I have accepted an invitation to serve as a Collaborating Scientist at One Patient One Cure. My first task is this blog, but the collaboration runs deeper:

  1. Publishing the Science: I will be co-authoring articles that reframe precision medicine around immune and metabolic vulnerabilities, synthesising data that many reviews still overlook.

  2. Open-Source Pipelines: Through my Multiomics Academy in Pakistan, I will be releasing RNA-seq and miRNA-seq workflows so low-resource labs can profile tumours without million-dollar budgets.

  3. Quarterly “Bench-to-Blog” Stories: Translating dense literature into narratives that patients and policymakers can act on.

How You Can Accelerate Precision Medicine

  • Patients & Families: Enrol in sequencing programmes and share de-identified data; every genome fills a knowledge gap.

  • Clinicians: Advocate for comprehensive molecular testing in refractory or rare cases—coverage often follows demand.
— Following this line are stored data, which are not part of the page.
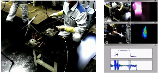 ろう付け作業(写真左)と画像解析技術を用いたろう付けプロセスのセンシング例(写真右)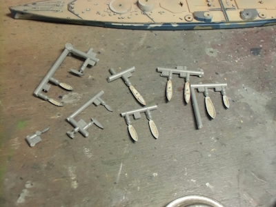 (写真11) ボートや内火艇をチマチマと塗って行きましょうかね。ランナーからは完全に切り離さないのがミソ。
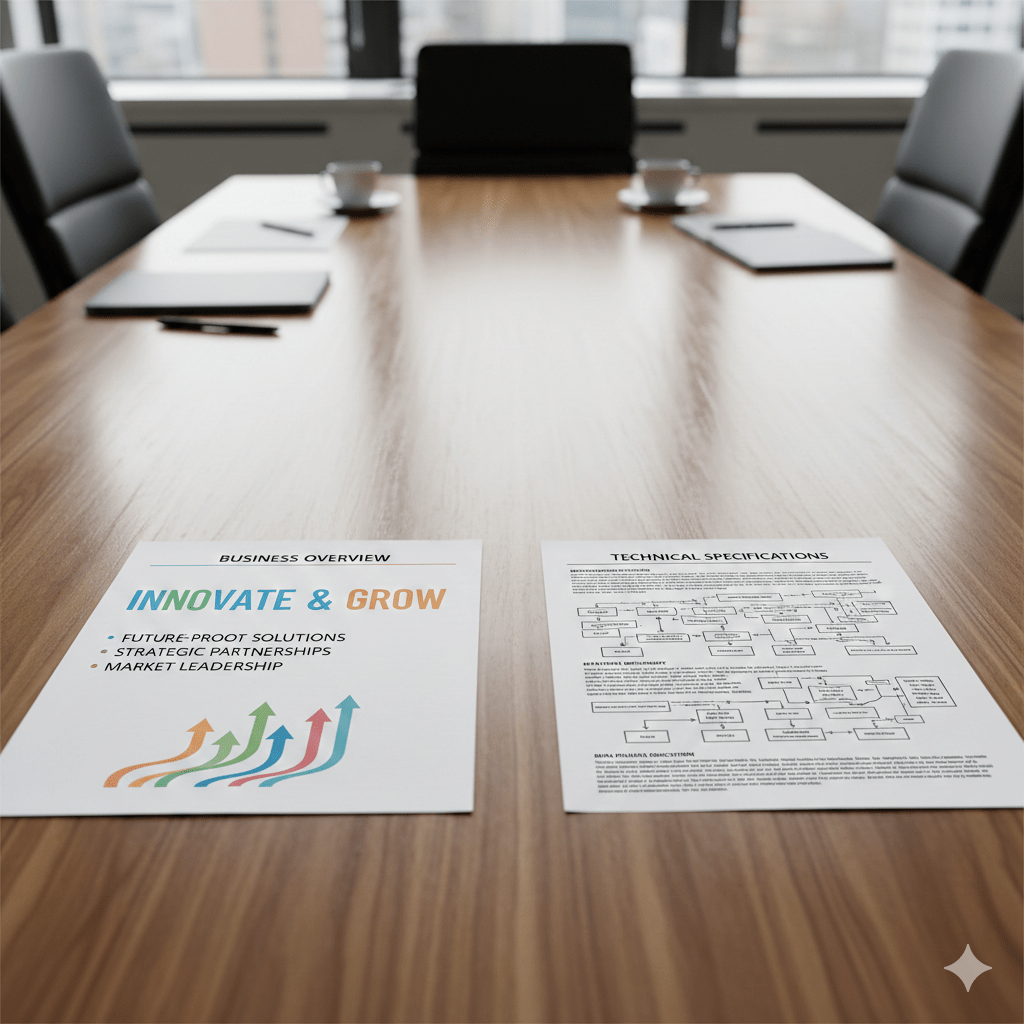 For the purpose of this post I’m going to dramatically simplify the process by saying there are only two stakeholders for any RFP and any proposal responding to said RFP: “business” people, and “technical” people.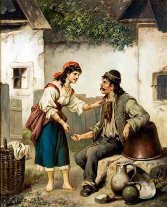 “Il venditore di cipolle”, olio su tela, firmato in basso a sinistra, entro cornice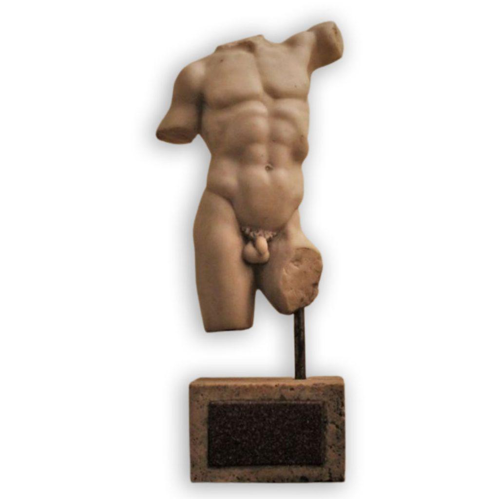 Marble torso, 45 cm high, depicting a Greek warrior or Greek divinity Mars of war, early 20th century, Measures 45 × 14 × 12 cm.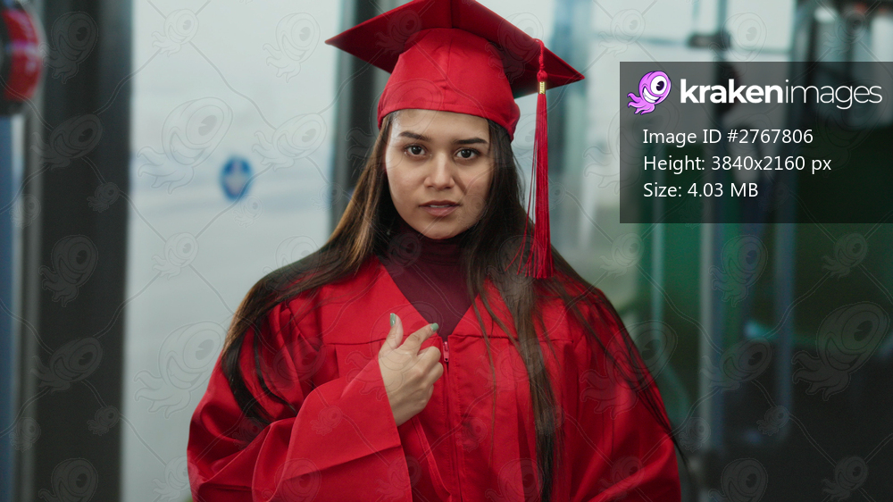 Young woman in red graduation gown gesturing no with a finger while standing inside a bus, emphasizing a firm refusal message in a unique public transport setting. - Kraken Images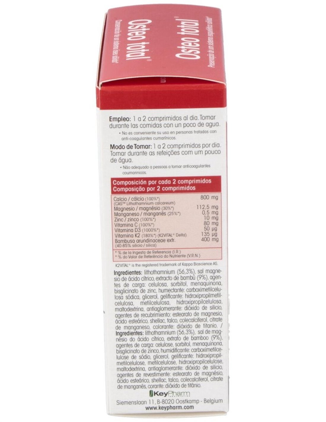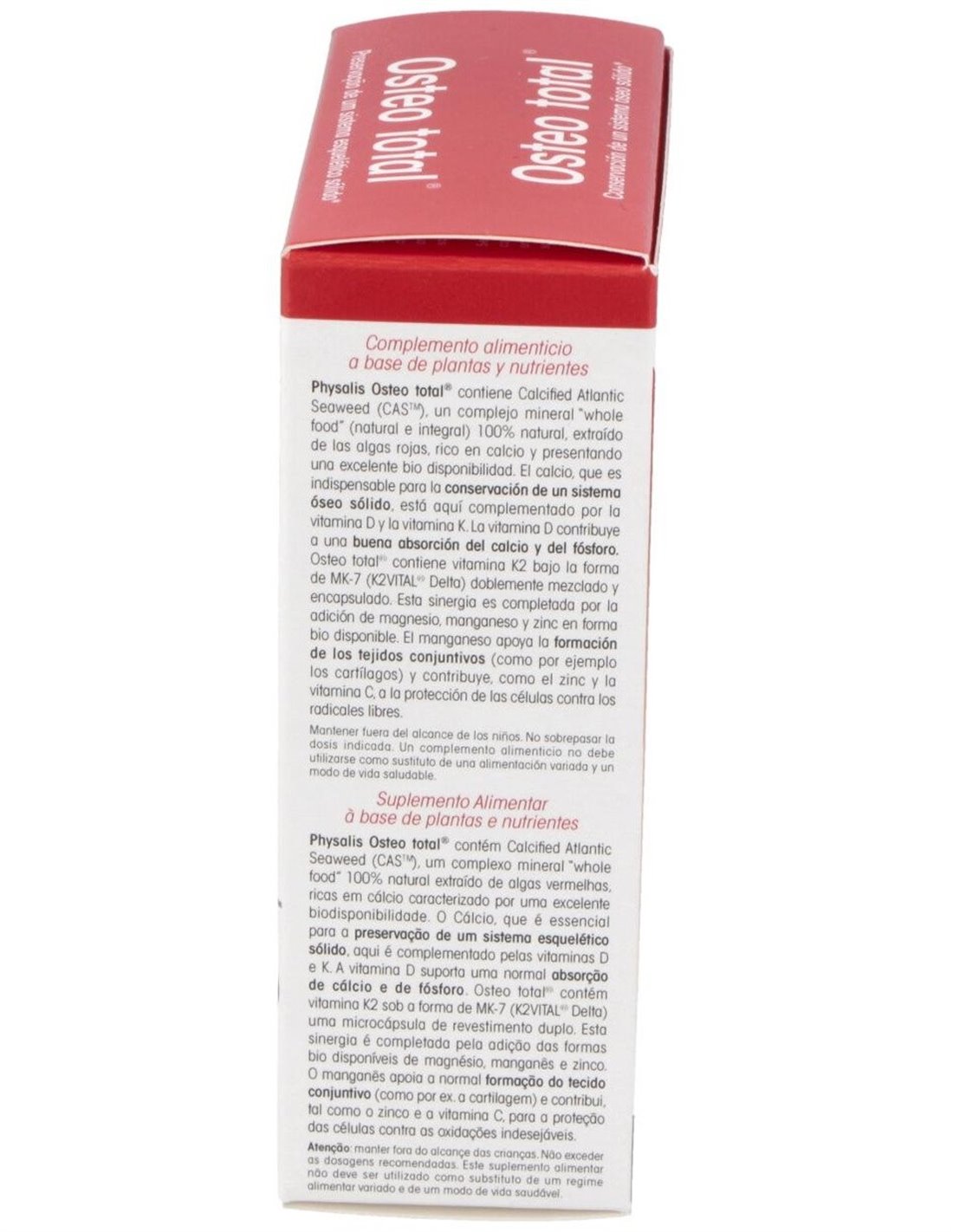 Contiene Calcified Atlantic Seaweed (CASTM), un complejo mineral whole food (natural e integral) 100% natural, extraído de las algas rojas, rico en calcio y presentando una excelente bio disponibilidad. El calcio, que es indispensable para la conservación de un sistema óseo sólido, está aquí complementado por la vitamina D y la vitamina K. La vitamina D contribuye a una buena absorción del calcio y del fósforo. Osteo total® contiene vitamina K2 bajo la forma de MK-7 (K2VITAL® Delta) doblemente mezclado y encapsulado. Esta sinergia es completada por la adición de magnesio, manganeso y zinc en forma bio disponible. El manganeso apoya la formación de los tejidos conjuntivos (como por ejemplo los cartílagos) y contribuye, como el zinc y la vitamina C, a la protección de las células contra los radicales libres.

  • Scientists: Share valuable data and raw files; open repositories cut years off discovery timelines.

  • Philanthropists: Support mission-driven groups like One Patient One Cure that funnel donations directly into patient-guided research pipelines.

Looking Ahead

Imagine a 2030 clinic visit where your sample is taken at 9 a.m., an AI overlays your genome onto 20 million prior cases by noon, and a therapy micro-dose schedule prints before dinner. The hardware, algorithms, and know-how largely exist; the missing ingredients are integration and equitable access. That is precisely the bridge One Patient One Cure is building, one genome, one dataset, one story at a time.

I joined because I never again want to tell a parent that “average” is the best we can do. Precision medicine is personal. It’s urgent. And with the right collective effort, it is inevitable.